Of course industry players opposed this additional cost and Jasareno said they are now in the process of consulting with them. While the MGB believes that there is a need to increase the share of the government there are disagreements on the method of how to increase it.

“We want to increase it by 5 percent. We agree on the principle but we disagree on the method. Like in the case of MPSA, the mining contract, mineral production sharing agreement it only means that there is sharing between the mining company and the government.”

The MGB will carry out the plan once the President gives his approval. But it was the President who ordered MGB top consult the industry players.

Rehabilitating abandoned mines
The Alyansa Tigil Mina reports that the worst scenario in post-mining activities in the country is the abandonment of mines by companies once they have extracted all they can.

The government has included the rehabilitation of abandoned mines in the priorities under the MTPDP of 2004 to 2010. The plan targeted assessment of seven inactive mines and started the rehabilitation of at least three mines.

Unfortunately however, the ATM said only one was cleaned and restored by the government.

As of 2008, anti-mining nongovernment organizations maintained that there are around 800 abandoned mines in the country while the MGB insists that there are only seven major mines needing immediate clean up. MGB calls it the “seven dirty” mines.

Abandoned mines leave toxins all over the region.

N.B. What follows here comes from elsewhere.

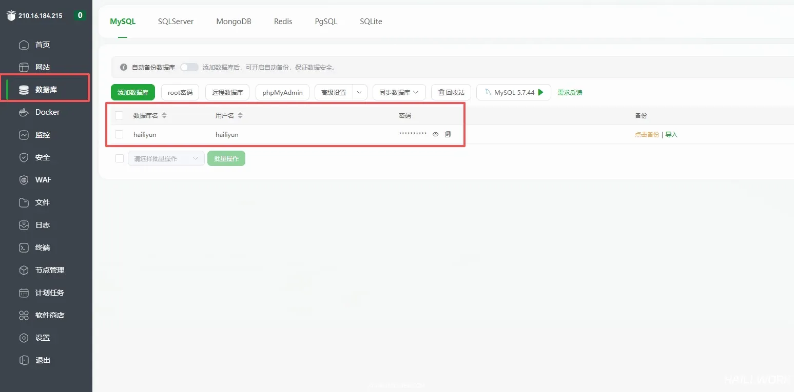 填写刚刚创建站时显示的数据库名和密码,如若忘记保存可前往 [宝塔面板 → 数据库] 查看。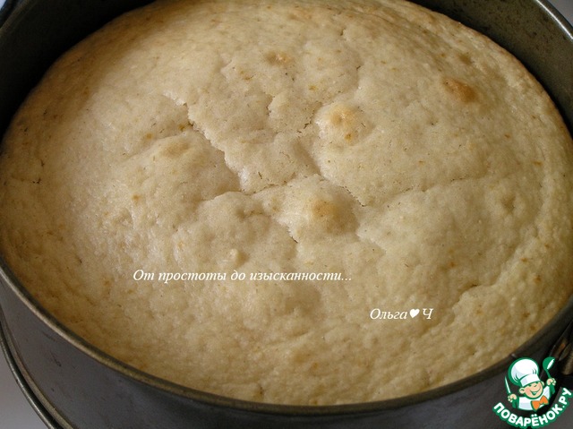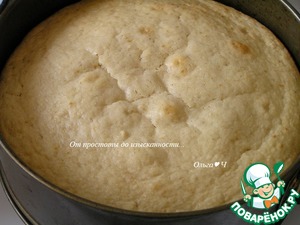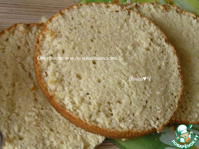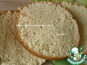 Готовый бисквит остудите, разрежьте на 2-3 коржа (у меня 3).

And they become useless for the human beings there.

Countering allegations of incompetence, Jasareno said there is still no major rehabilitation because the industry hasn’t reached the intended life span of a mine.

But he admitted that their primary concerns are the old existing abandoned mines. For example the Bagacay Mines in Samar, which is a surface mine. The operator left it after the company went bankrupt. The bad thing is the mine was left spilling acid to a nearby river threatening wide life and the environment.

“What should we do? Go after him put him in jail? But still the bad effect is still there so the government is obliged to address it. So the government is now spending millions to rehabilitate it, because we can do nothing,” he said.